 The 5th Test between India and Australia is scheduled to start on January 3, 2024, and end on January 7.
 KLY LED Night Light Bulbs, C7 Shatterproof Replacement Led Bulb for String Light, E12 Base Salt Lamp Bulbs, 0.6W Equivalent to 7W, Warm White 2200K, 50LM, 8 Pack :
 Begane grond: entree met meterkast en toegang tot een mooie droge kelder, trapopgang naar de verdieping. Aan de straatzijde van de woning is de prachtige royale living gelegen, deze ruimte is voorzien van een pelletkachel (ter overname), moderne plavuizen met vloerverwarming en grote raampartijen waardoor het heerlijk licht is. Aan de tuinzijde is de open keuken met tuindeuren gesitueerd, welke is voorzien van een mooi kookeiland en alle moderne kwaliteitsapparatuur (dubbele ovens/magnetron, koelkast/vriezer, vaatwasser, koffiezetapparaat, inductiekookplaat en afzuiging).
————
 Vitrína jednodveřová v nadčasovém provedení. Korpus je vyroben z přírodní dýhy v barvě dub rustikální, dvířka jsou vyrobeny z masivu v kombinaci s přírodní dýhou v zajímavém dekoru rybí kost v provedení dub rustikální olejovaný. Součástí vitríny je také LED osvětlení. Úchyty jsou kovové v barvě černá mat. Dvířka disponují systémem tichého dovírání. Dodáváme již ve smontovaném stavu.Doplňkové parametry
————
Above are some records; copy exactly the lines from the one with "The 5th Test" through the one with "Begane grond: entree", both included, and no others.

ANSWER —
 The 5th Test between India and Australia is scheduled to start on January 3, 2024, and end on January 7.
 KLY LED Night Light Bulbs, C7 Shatterproof Replacement Led Bulb for String Light, E12 Base Salt Lamp Bulbs, 0.6W Equivalent to 7W, Warm White 2200K, 50LM, 8 Pack :
 Begane grond: entree met meterkast en toegang tot een mooie droge kelder, trapopgang naar de verdieping. Aan de straatzijde van de woning is de prachtige royale living gelegen, deze ruimte is voorzien van een pelletkachel (ter overname), moderne plavuizen met vloerverwarming en grote raampartijen waardoor het heerlijk licht is. Aan de tuinzijde is de open keuken met tuindeuren gesitueerd, welke is voorzien van een mooi kookeiland en alle moderne kwaliteitsapparatuur (dubbele ovens/magnetron, koelkast/vriezer, vaatwasser, koffiezetapparaat, inductiekookplaat en afzuiging).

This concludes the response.